One of my favorite aspects of the webcomics community is the collective sharing of knowledge. With Facebook, Twitter, IM, Skype, and countless other portals of communication, it’s merely a matter of seconds before lessons can be learned en masse, whether they be for gain or hindrance. Spike, the enigmatic creator behind Templar, A.Z., has just experienced such a learning experience and she hopes to pass on her pain and experience to you.

Last night, via Twitter, Spike mentioned that she wouldn’t have copies for her fourth collection of Templar, A.Z. available for purchase at  the MoCCA (Museum of Cartoon and Comic Art) Festival. Her tweet read:

Well, I guess I WON’T have book 4s for MoCCA. Fantastic.

Never one to tweet without explanation, Spike peppered the next few hours with follow-up tweets:

Guys, I’M my publisher. My PRINTER is the one shafting me.

My printer is Lebonfon. I wasn’t going to name them, but this is too f***ing ridiculous, so there you go. Never use them.
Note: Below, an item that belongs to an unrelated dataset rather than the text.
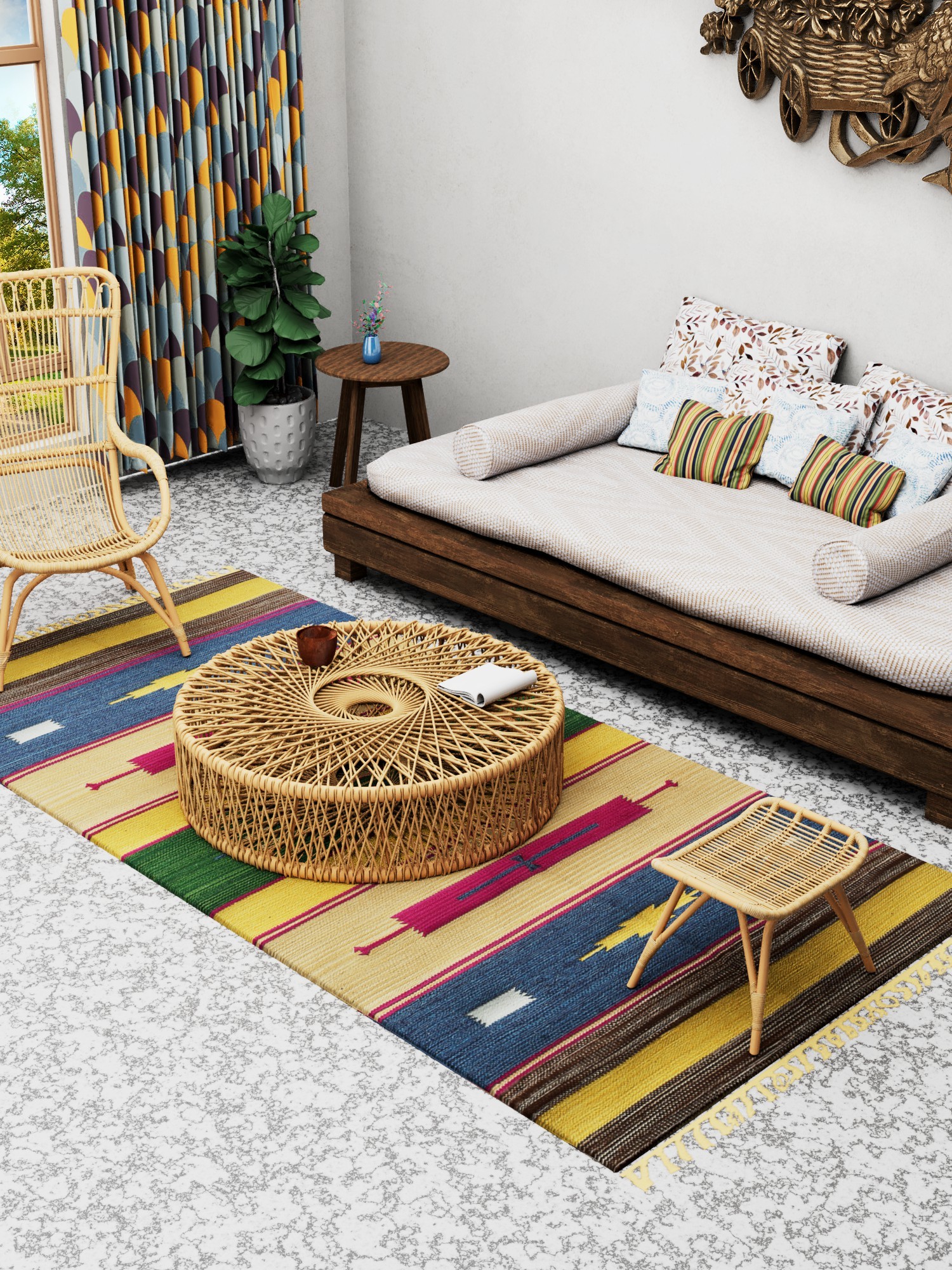This dhurrie showcases a captivating design that blends bold horizontal stripes with uniquely woven motifs. The thoughtful arrangement of colors creates a visually stimulating pattern that draws the eye and adds depth to the overall aesthetic. Each motif is carefully woven, reflecting the skill and dedication of the artisans. The tassels on both ends add a playful touch, enhancing the overall charm.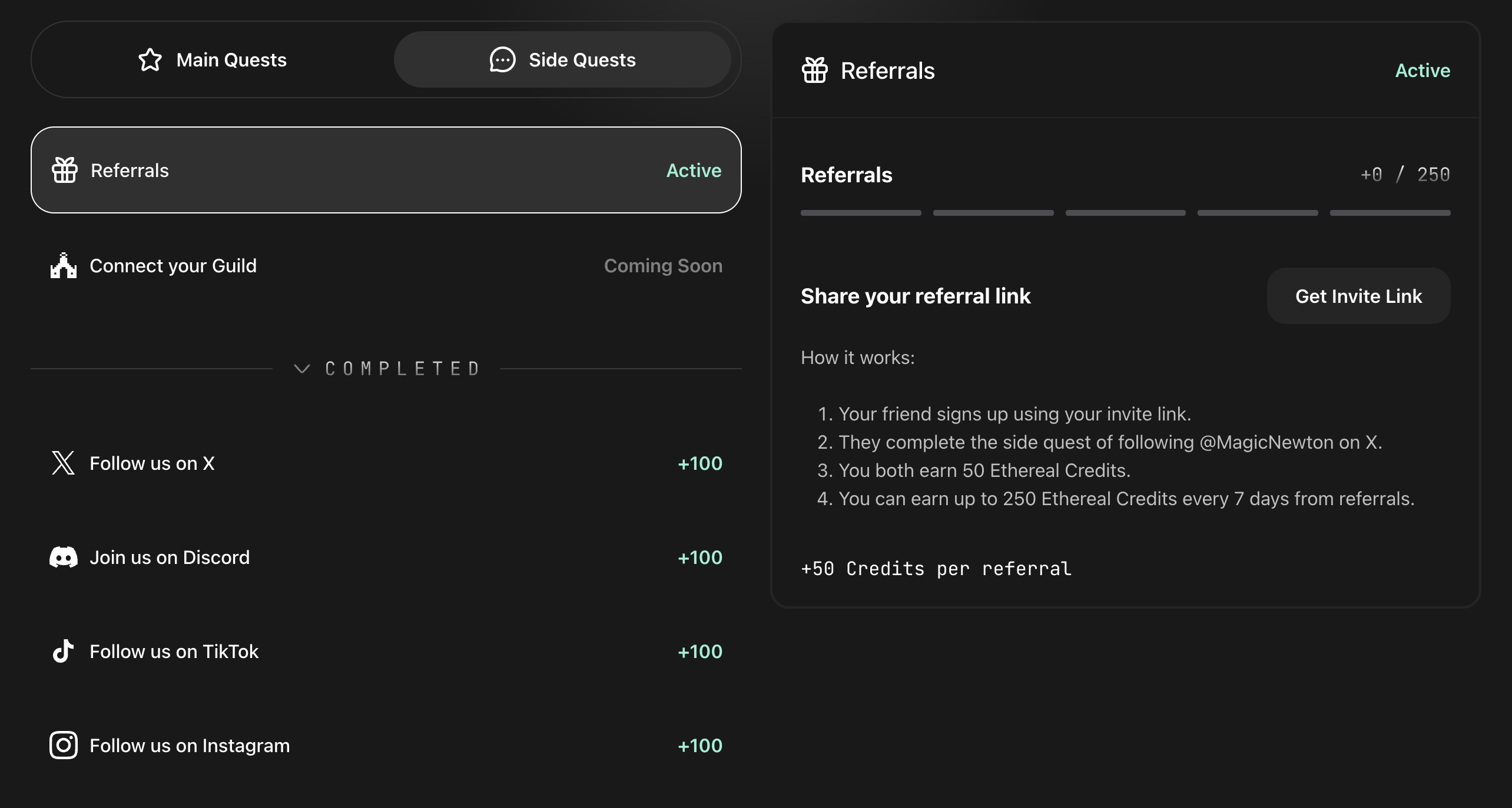 For the side quests, we just need to complete some social tasks such as following Magic Newton on X, joining the Discord and more.

I have no idea what I’m going to do, now. MoCCA is this weekend, and I will have no new material. Thanks, Lebonfon.

The urge to not even go is overwhelming. I seriously have no desire to sit behind a table and disappoint people / explain myself for 2 days.

Okay, I’ll be bringing a pile of originals, which I NEVER usually sell, to MoCCA. ~$75.00 apiece. 9″x12″s from Chapter 1. I hate doing this.

I may jack up the price. I wanted to keep these forever.

Oh hey did I mention that Lebonfon tried to overcharge me by $1,300 too? They attempted to bill me for a figure much higher than the quotes.

Still edging towards ditching MoCCA. It’s 50/50.

Decided. No MoCCA. Books 1-3 will be there, but not me. Buy ’em off @reiley & @rymagnusson at table C7, I’ll be at home doing a bonus comic.

The bonus comic will be to zero me out on nonrefundable plane fare and my share of the table. Sorry, I can’t sell originals. Too crazy.

So due to the incompetence of one printer we go from having Spike at a show to no Spike and no original prints. Having never had a personal experience with Lebonfon, this post does not condemn the company itself. It does, however, serve as a great resource for those who may be considering the printer for their works. Buyer/user beware!